Sex is not the most important part of a relationship. It's afterwards when you're warm and naked, and you watch the sun come up through the windshield. You look in her good eye, help her strap on her leg and realize that you probably just screwed a pirate.
Speaking of getting screwed.....
Politicians, from Tiger Woods Obama, his asshole Chicago crony Attorney General Eric Holder, and Congress.....all the way down to local politicians in the cities and towns across America, have been reduced to spinning the truth to fit their needs and rarely address any point that doesn't conveniently serve their interests.

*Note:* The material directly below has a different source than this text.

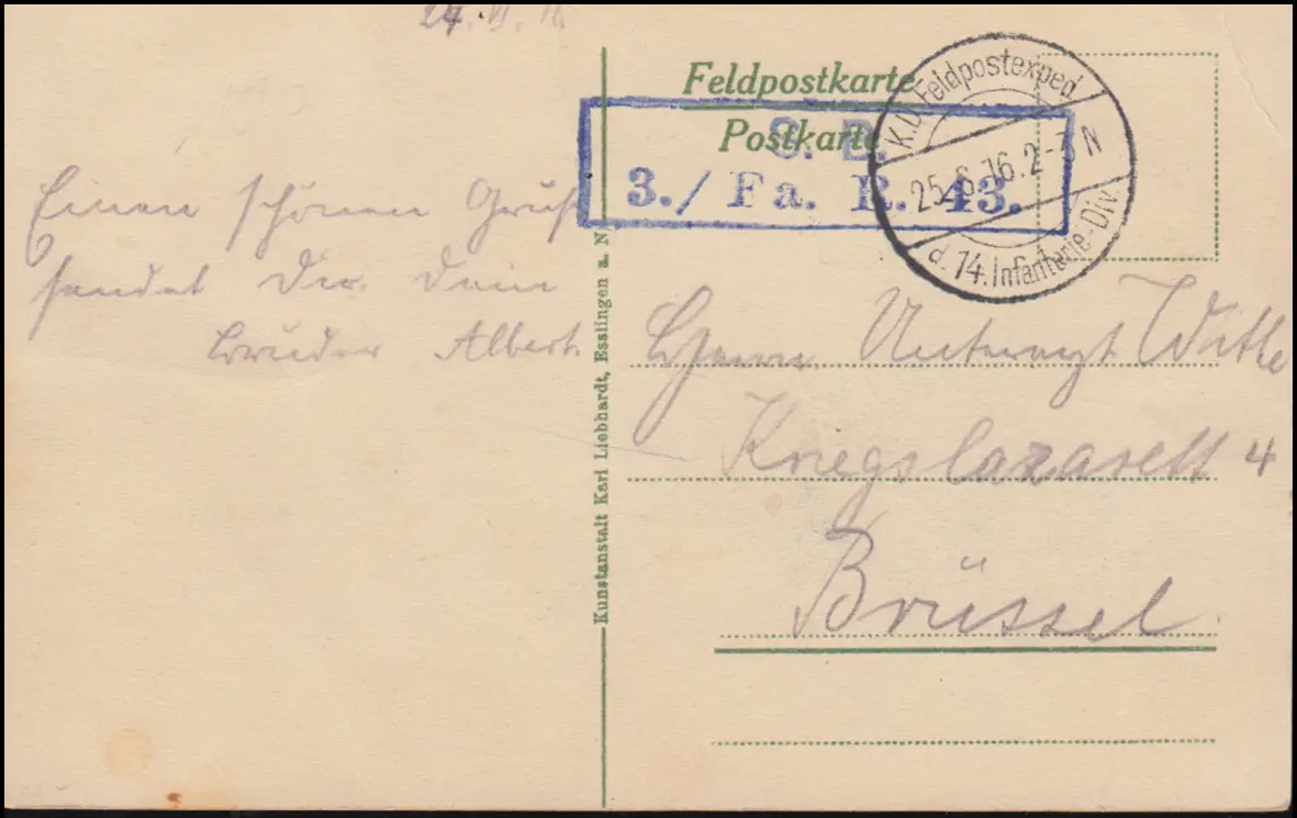 Poste de terrain BS 3 / Fa.R.43 de la 14e édition de l'Inf. 25.6.16 sur AK Sägermühle Vilosse-Sivry

I can still recall some of the unmemorable, never changing speeches from past campaigns, to wit:
"My Fellow Americans: My name is Lying Politician and I'm a candidate for (president, congress, mayor, city council, dog catcher....whatever). My opponent, Thieving Politician, is a wife beater, communist, socialist, drunkard and car thief. If elected, I will cut your taxes, stop the war, buy you a car, send your children to college and mow your lawn. Please vote for me in November."
This is the new politics of America. Insult the opponent and promise the voters anything, knowing full well that you're a lying thief and have no intentions of fulfilling any campaign promises. Be as vague as possible about your background and true self.
Politicians are lower than whale shit and that's quite a feat indeed, seeing that whale shit is found at the bottom of the ocean......
The News As I See It: Egypt's foreign ministry called for the United States to show respect for the rights of protesters in Ferguson, Missouri. Yeah, Egypt said that. Talk about living in glass pyramids.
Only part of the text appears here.